What you are asked to do ->
Set the pictures aside and write down, exactly as they appear, the lines from the one containing "调研会上,钱副院长对我院近年" through the end of the material.

Data extract ->
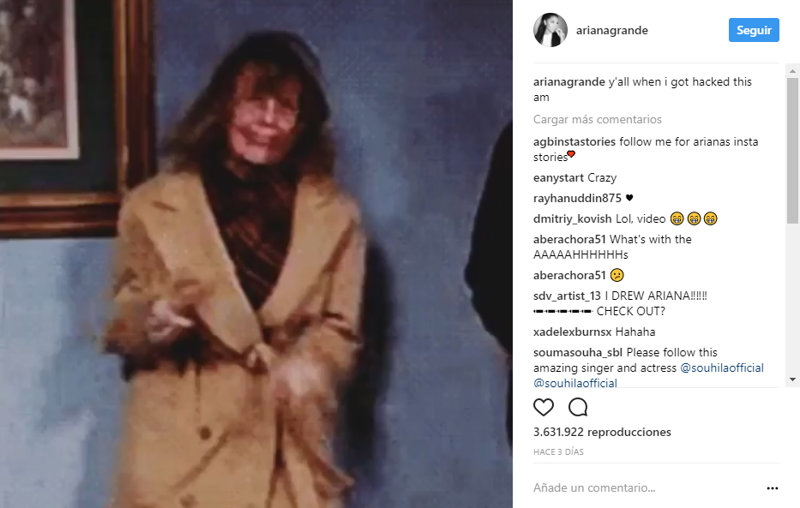 La cuenta de Ariadna Grande ya ha sido recuperada y parece que se lo ha tomado con humor porque la primera publicación que ha compartido con sus fans ha sido la de una imagen en movimiento de una mujer agitando la cabeza y los brazos con el mensaje: "Todos vosotros cuando me han hackeado esta mañana".
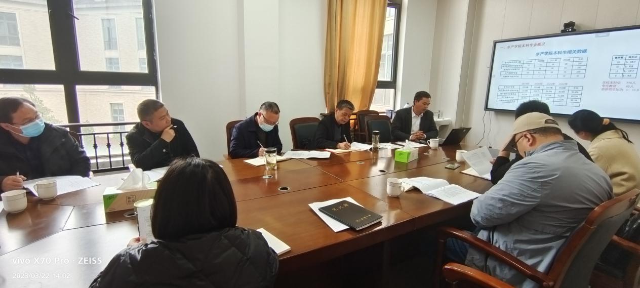 调研会上,钱副院长对我院近年来的教学工作开展情况做了总体介绍,主要汇报了学院专业设置基本情况、各专业师资情况和专业教学教研现状,存在的问题和工作举措等,同时,他还围绕即将开展的本科教育教学评估工作提出了初步工作设想。随后水族系主任王骥腾从实验室建设、加强与兄弟院校的交流和夯实基地建设等方面提出了相关意见和建议。
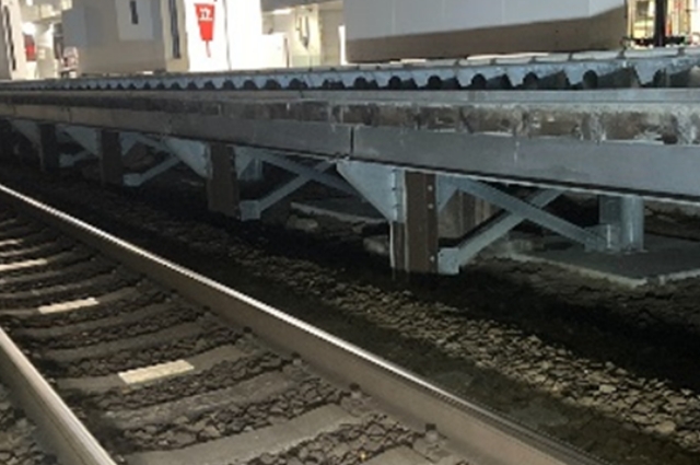 令和3年3月24日、東海道新幹線の高架下ささしまオフィス新築工事が竣工しました。この工事は令和2年4月より着工、空頭制限のある新幹線高架下において鉄道構造物への影響を考慮し、軽量かつ強度のある新開発のハイブリッド建材(炭素繊維+木材)を使用し施工しました。高架下オフィスでは初となる木造建築で、柱のない広いオープンスペースを確保し開放的で機能的なオフィスの空間を創出しました。工期や施工条件など様々な制限・制約が非常に厳しい状況の中、無事故無災害で工事を完遂しました。

Response ->
 调研会上,钱副院长对我院近年来的教学工作开展情况做了总体介绍,主要汇报了学院专业设置基本情况、各专业师资情况和专业教学教研现状,存在的问题和工作举措等,同时,他还围绕即将开展的本科教育教学评估工作提出了初步工作设想。随后水族系主任王骥腾从实验室建设、加强与兄弟院校的交流和夯实基地建设等方面提出了相关意见和建议。
 令和3年3月24日、東海道新幹線の高架下ささしまオフィス新築工事が竣工しました。この工事は令和2年4月より着工、空頭制限のある新幹線高架下において鉄道構造物への影響を考慮し、軽量かつ強度のある新開発のハイブリッド建材(炭素繊維+木材)を使用し施工しました。高架下オフィスでは初となる木造建築で、柱のない広いオープンスペースを確保し開放的で機能的なオフィスの空間を創出しました。工期や施工条件など様々な制限・制約が非常に厳しい状況の中、無事故無災害で工事を完遂しました。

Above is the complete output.